In the ENGAGE AF-TIMI 48 study, once-daily edoxaban 60mg demonstrated non-inferiority to warfarin, for the primary efficacy endpoint of occurrence of stroke or systemic embolism in patients with non-valvular atrial fibrillation (1.18% vs. 1.50% per year, respectively; hazard ratio [HR], 0.79; 97.5% confidence interval [CI], 0.63 to 0.99, p<0.001). In addition, once-daily edoxaban 60mg demonstrated a significant 20% risk reduction of major bleeding in patients with non-valvular atrial fibrillation compared to warfarin (2.75% vs. 3.43% per year, respectively; HR, 0.80; 95% CI, 0.71 to 0.91, p<0.001).

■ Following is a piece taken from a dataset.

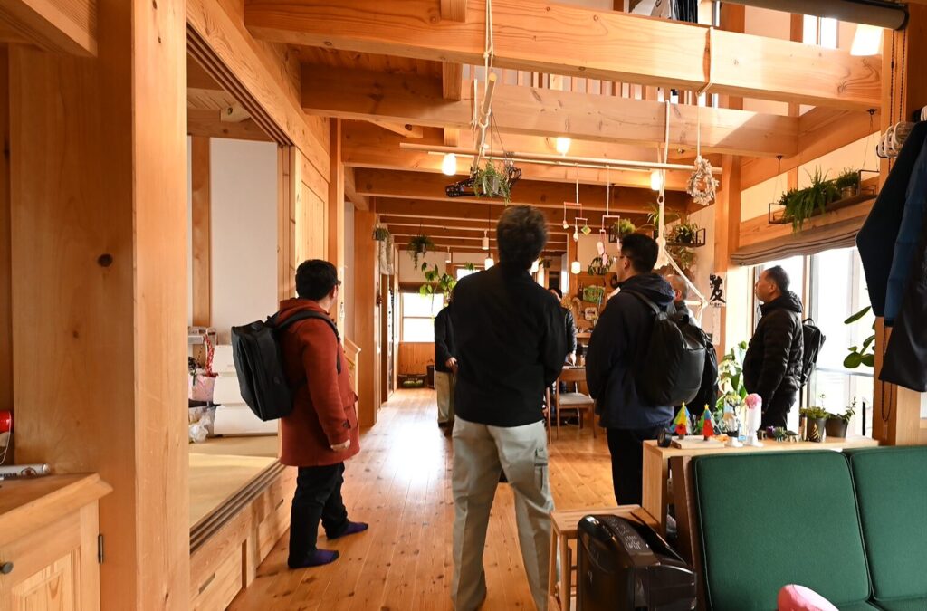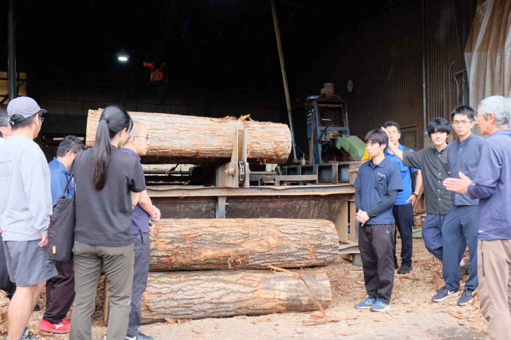 岐阜県飛騨市では、地域が一体となって広葉樹の利活用に取り組む現場を見学。東京の檜原村に拠点を構える東京チェンソーズでは、都市の森で林業の意義をどう伝え、どう事業化しているかを学びました。国産材を取り扱うログハウスメーカーとはモデルハウスを前に意見を交わし、大径材を「そのまま生かす」建築の可能性と、乾燥・加工という現実の壁を体感しながら、連携できる方法を模索しました。滋賀県の大喜工務店では、ヒノキならば1尺角で10年、ケヤキは30年という歳月をかけて天然乾燥を行い、広告宣伝費をかけず営業マンも一人も置かないのに、良いプロダクトの口コミで客が絶えないという異色の経営手法を目の当たりにしました。

In the Hokusai-VTE study, once-daily edoxaban 60mg was non-inferior to warfarin for the primary efficacy endpoint of recurrence of symptomatic VTE (3.2% vs. 3.5% of patients, respectively; HR, 0.89; 95% CI, 0.70 to 1.13, p<0.001). In addition, edoxaban demonstrated a significant 19% risk reduction of clinically relevant bleeding in patients with VTE compared to warfarin (8.5% vs. 10.3% of patients, respectively; HR, 0.81; 95% CI, 0.71 to 0.94, p=0.004).


Edoxaban is currently marketed in Japan and the United States. In the EU and other countries, regulatory review is ongoing.